Their names were Joseph and Jasmine. Joseph was around ten, and Jasmine a few years younger, six or seven perhaps. I remembered them so vividly from our very first meeting partly because of the combination of dark hair on both of them and crystalline blue eyes.

“You’re really bright,” Jasmine had said to me as I took their order.

“Well, thank you.”

“Are you an angel?”

Joseph elbowed her without taking his eyes off his phone.

I laughed softly. “Not usually.”

“Sorry,” Natalie said. “Jasmine thinks she can see auras.”

“Wow.” I turned to her. “That’s a cool ability.”

“You don’t have an aura,” she said, in awe. “You are one.”

“Aw, that’s so sweet. Thanks.” I winked at her and asked Joseph what he wanted to drink.

“Coffee. Black.”

Knowing he couldn’t be more than ten, I looked to his mother for assurance.

She lifted a shoulder. “It’s his only vice,” she explained.

At his age, I should hope so. When I poured him a cup, he took out a chocolate bar from his coat pocket and dropped a square into the coffee.

“His only vice?” I asked Natalie.

She smirked. “Does that count as two?”

Ever since that first meeting, I automatically took Joseph a cup of coffee and added the caveat “Drink responsibly.” He would laugh from behind the cup or give me a thumbs-up while Jasmine studied me, tilting her head this way and that, looking for my wings. I’d fallen head over heels for them.

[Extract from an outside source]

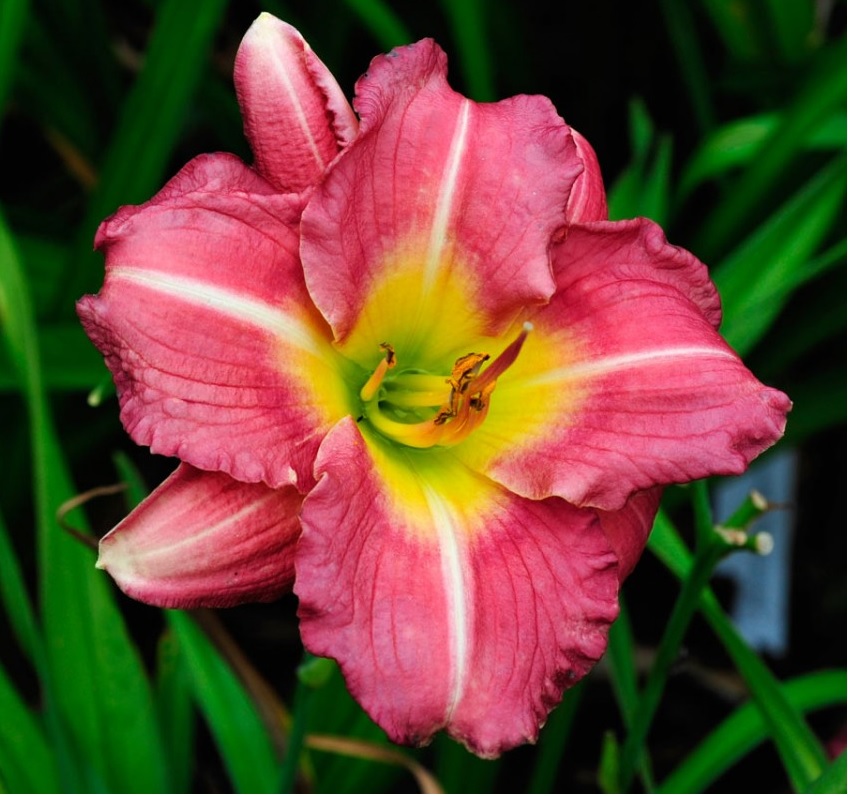 Многочисленные яркие душистые цветки! Насыщенно- розовый цвет лепестков и контрасное желто- зеленое горло, да еще белые полосы из центра. Все это чем- то напоминает нашу Матрешку! Высота 60 см. Диаметр 10см. Растет как на солнце, так и в полутени. Но более массового ошеломительного цветения достигают при посадке на хорошо освещенных местах.

I leaned back against the brick wall of the building. Were they involved somehow? Were they in trouble? Once the cold got to be too much – about nine seconds later – I pushed off the building and headed back, playing out the hundred scenarios that might explain the bizarre events in Mr. V’s store. The men were digging near the west wall. The only thing beside the shop was a dry-cleaning business. Why would a group of Middle Easterners tunnel into a dry-cleaning business?

I stopped and glanced back at the cleaners. Everything appeared normal. It looked, well, like a dry-cleaning business. What could it possibly have that would convince a group of what seemed like perfectly sane men to tunnel into it?

I looked past the cleaners. The next building was vacant, and there was a wine shop beyond that. It was a very popular store. Tourists loved wine.

Who was I kidding? I loved wine. Who didn’t love wine?

Seeing as how the men were risking so much to tunnel into a dry-cleaning business in the middle of the day when they could be spotted and/or heard, there had to be something pretty spectacular in that building. But my mind spun with a thousand questions.